Could someone please explain step 3 for the following: Why do they multiply $1/y$ with $y'$? I understand that the derivative of $\ln y$ is $1/y$, but I don't understand why it is multiplied with $y'$ in step 3.
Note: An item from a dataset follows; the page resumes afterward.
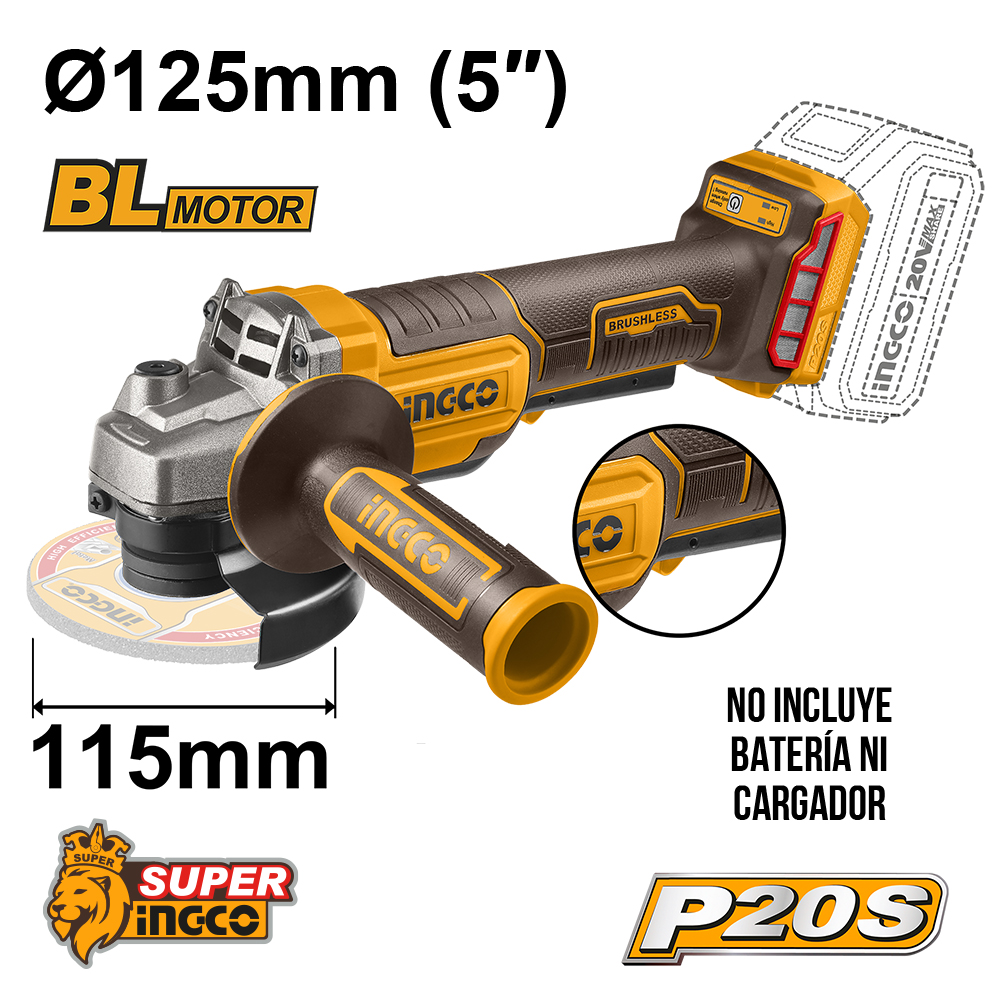 CAGLI211156 – AMOLADORA 20V 4 1/2″ BRUSHLESS – GATILLO PALETA – SIN BAT. NI CARGADOR

Find the derivative for $y=x^{\sin x}$
Step 1: $\ln y=\ln x^{\sin x}$
Step 2: $\ln y=\sin x\ln x$
Step 3: $\frac{y'}y=\cos x\ln x+\frac{\sin x}x$
Step 4: $y'=y\left[\cos x\ln x+\frac{\sin x}x\right]=x^{\sin x} \left[\cos x\ln x+\frac{\sin x}x\right]$
On
The derivative of $\ln y$ with respect to $y$ is certainly $1/y$, but in this case the derivative needs to be taken with respect to x, so by the chain rule, the derivative of $\ln y$ with respect to $x$ is $y'/y$.
On
$$y=x^{\sin x}\\\ln(y)=\ln(x^{\sin x}) \to \ln y = \sin x \ln x\\(\ln y = \sin x \ln x \to )'\\ \to \frac{y'}{y}=\cos x \cdot \ln x+\sin x.\cdot \frac 1x $$now to obtain y' you must multiply by y $$y\times(\frac{y'}{y}=\cos x \cdot \ln x+\sin x.\cdot \frac 1x ) \to \\ y'=y(\cos x \cdot \ln x+\sin x.\cdot \frac 1x )\\y'=x^{\sin x}\cdot(\cos x \cdot \ln x+\sin x.\cdot \frac 1x )$$
On
$$ \frac {d\ln y}{dy} = \frac 1 y \qquad \text{ but } \qquad \underbrace{ \frac {d\ln y}{dx} = \frac{d\ln y}{dy} \cdot \frac{dy}{dx}}_{\large\text{This is the chain rule.}} = \frac 1 y \cdot y'. $$
On
[Converted from comment]
What you are missing is saying "the derivative of $\ln y$ is $1/y$". This is incomplete. What is true is that "the derivative of $\ln y$ with respect to $y$ is $1/y$". But you are not differentiating with respect to $y$ -- you are differentiating with respect to $x$. The correct statement is "the derivative of $\ln y$ with respect to $x$ is $y'/y$". It's the chain rule.
$$\left(f(g(x))\right)'=f'(g(x))g'(x).$$ Thus, $\left(\ln{y}\right)'=\frac{1}{y}\cdot{y'}$.
But I like the following way. $$(x^{\sin{x}})'=\left(e^{\sin{x}\ln{x}}\right)'=x^{\sin{x}}\left(\cos{x}\ln{x}+\frac{\sin{x}}{x}\right).$$